Dataset section section start

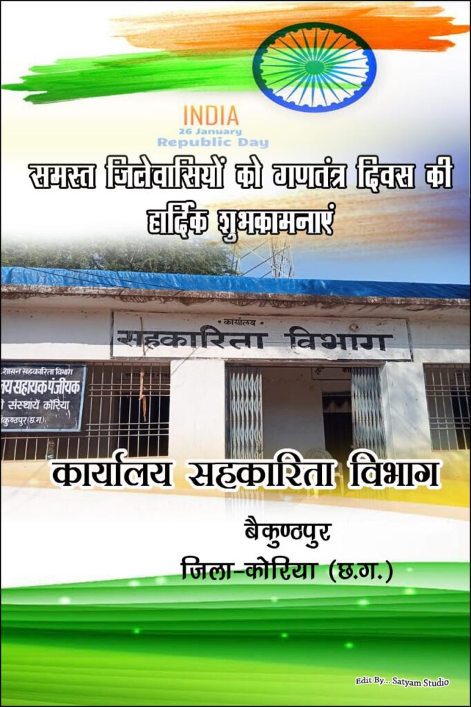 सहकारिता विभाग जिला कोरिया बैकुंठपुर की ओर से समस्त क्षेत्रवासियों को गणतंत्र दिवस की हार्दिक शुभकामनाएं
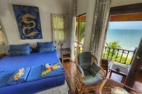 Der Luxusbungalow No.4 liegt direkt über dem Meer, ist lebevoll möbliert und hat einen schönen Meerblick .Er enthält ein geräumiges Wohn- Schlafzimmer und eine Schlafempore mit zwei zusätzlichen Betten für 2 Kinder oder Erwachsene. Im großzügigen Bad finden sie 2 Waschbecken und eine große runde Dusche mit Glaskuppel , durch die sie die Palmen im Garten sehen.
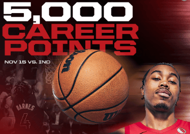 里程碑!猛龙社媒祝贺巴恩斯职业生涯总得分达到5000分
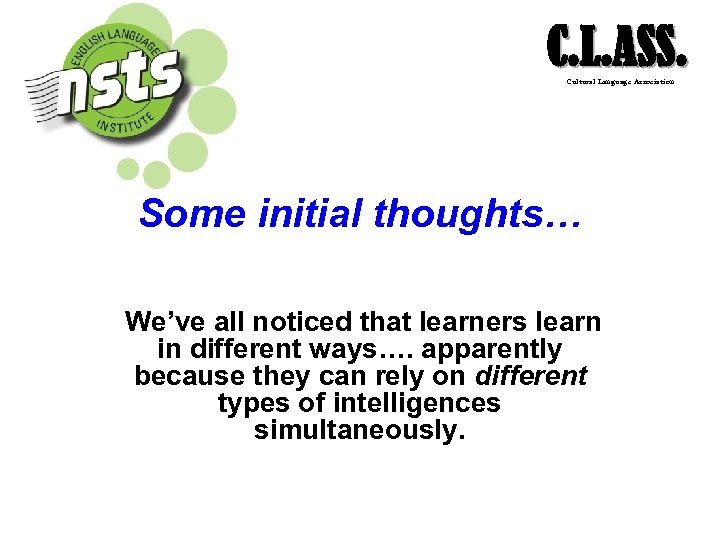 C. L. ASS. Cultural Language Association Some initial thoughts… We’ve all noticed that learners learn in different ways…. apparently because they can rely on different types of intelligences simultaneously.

Dataset section section end

== Problem ==
The required answer is an exact, picture-free copy of the lines from the opening of the listing above through the line with "里程碑!猛龙社媒祝贺巴恩斯职业生涯总得分达到5000分".

== Task solution ==
 सहकारिता विभाग जिला कोरिया बैकुंठपुर की ओर से समस्त क्षेत्रवासियों को गणतंत्र दिवस की हार्दिक शुभकामनाएं
 Der Luxusbungalow No.4 liegt direkt über dem Meer, ist lebevoll möbliert und hat einen schönen Meerblick .Er enthält ein geräumiges Wohn- Schlafzimmer und eine Schlafempore mit zwei zusätzlichen Betten für 2 Kinder oder Erwachsene. Im großzügigen Bad finden sie 2 Waschbecken und eine große runde Dusche mit Glaskuppel , durch die sie die Palmen im Garten sehen.
 里程碑!猛龙社媒祝贺巴恩斯职业生涯总得分达到5000分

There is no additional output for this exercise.